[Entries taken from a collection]

· · · · ·

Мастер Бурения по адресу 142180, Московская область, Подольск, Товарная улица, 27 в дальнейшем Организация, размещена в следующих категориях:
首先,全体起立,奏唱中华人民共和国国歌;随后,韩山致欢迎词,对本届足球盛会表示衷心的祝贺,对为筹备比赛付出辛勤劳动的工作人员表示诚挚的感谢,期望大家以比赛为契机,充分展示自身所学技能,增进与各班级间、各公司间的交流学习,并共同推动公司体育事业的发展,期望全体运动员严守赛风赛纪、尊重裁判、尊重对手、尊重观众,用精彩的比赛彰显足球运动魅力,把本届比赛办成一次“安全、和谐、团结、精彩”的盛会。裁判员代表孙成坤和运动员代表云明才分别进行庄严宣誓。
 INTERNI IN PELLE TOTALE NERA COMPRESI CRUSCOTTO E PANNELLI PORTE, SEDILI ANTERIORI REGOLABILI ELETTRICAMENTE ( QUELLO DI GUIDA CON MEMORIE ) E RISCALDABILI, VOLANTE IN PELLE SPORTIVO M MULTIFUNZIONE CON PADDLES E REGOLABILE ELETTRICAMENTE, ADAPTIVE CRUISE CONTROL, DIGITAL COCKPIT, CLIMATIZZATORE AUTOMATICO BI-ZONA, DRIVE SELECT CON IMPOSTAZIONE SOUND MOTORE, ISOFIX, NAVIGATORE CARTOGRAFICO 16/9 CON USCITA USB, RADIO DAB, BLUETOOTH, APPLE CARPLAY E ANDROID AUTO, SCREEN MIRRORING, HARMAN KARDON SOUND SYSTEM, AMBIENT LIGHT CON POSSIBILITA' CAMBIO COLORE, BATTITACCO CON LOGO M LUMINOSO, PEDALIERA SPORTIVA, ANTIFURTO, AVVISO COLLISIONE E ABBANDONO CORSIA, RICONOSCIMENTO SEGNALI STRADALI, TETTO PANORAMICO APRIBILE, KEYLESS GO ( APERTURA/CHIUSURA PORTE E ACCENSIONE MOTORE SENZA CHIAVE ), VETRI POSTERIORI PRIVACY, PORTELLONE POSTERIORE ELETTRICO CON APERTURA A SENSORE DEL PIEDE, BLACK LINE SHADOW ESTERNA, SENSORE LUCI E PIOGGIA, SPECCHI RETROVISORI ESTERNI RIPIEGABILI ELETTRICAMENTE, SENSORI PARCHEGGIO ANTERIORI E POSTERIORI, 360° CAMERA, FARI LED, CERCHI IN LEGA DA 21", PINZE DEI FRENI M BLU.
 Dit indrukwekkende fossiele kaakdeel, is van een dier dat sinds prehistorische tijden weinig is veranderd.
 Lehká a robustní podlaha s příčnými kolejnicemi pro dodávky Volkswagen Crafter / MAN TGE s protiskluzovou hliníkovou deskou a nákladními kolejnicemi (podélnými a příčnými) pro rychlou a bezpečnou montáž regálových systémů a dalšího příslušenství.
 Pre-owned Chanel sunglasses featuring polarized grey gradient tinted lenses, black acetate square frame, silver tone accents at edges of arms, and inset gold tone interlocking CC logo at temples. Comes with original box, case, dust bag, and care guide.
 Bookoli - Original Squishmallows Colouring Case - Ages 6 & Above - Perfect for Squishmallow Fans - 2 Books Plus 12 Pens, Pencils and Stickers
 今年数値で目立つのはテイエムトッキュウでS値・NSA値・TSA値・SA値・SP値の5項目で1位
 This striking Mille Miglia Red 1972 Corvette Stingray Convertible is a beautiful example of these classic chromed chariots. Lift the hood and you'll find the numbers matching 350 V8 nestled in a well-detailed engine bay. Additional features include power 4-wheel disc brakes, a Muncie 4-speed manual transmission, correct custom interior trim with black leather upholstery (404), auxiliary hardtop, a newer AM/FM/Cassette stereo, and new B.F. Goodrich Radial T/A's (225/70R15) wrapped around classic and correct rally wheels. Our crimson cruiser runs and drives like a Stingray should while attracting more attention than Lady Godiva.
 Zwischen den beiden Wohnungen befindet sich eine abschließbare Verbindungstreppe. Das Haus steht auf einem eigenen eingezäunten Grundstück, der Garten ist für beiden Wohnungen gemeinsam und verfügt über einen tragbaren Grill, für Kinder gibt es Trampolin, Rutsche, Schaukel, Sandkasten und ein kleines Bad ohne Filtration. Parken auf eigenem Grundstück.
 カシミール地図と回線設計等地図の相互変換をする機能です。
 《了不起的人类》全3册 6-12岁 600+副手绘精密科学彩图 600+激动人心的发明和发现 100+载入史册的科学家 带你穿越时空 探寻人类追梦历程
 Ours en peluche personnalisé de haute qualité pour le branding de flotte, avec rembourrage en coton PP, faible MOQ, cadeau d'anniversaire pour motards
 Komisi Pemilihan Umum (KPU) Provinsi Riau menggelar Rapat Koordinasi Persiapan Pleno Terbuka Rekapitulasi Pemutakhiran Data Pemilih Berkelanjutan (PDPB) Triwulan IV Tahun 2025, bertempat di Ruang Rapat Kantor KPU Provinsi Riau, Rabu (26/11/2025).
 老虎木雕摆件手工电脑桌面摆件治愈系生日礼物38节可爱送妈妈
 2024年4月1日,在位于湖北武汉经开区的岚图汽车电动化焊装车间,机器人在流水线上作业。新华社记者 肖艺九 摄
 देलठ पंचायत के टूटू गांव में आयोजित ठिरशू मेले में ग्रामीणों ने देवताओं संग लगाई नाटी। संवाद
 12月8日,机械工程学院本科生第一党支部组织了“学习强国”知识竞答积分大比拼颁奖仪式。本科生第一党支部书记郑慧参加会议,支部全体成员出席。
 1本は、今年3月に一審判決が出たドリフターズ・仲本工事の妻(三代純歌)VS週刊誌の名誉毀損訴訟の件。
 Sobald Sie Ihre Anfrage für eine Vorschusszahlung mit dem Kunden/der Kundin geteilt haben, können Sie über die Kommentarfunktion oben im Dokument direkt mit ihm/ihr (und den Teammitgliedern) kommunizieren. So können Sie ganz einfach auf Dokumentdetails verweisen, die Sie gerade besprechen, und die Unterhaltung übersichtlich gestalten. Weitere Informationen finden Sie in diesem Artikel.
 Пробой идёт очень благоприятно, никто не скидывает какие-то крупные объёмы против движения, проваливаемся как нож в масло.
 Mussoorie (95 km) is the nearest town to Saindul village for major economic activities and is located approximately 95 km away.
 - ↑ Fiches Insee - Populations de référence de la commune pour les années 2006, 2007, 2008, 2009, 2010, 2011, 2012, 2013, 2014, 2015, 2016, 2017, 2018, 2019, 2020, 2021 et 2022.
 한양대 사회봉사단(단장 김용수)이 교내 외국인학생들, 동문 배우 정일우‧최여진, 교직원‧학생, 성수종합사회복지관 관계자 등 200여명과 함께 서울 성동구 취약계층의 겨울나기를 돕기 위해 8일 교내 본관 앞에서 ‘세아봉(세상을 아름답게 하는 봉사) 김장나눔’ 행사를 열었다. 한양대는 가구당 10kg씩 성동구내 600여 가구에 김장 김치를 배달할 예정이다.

· · · · ·

## What is required
Look back at the data above. Transcribe exactly the lines starting at the line that contains "12月8日,机械工程学院本科" and ending at the line that contains "1本は、今年3月に一審判決が".

## Solution
 12月8日,机械工程学院本科生第一党支部组织了“学习强国”知识竞答积分大比拼颁奖仪式。本科生第一党支部书记郑慧参加会议,支部全体成员出席。
 1本は、今年3月に一審判決が出たドリフターズ・仲本工事の妻(三代純歌)VS週刊誌の名誉毀損訴訟の件。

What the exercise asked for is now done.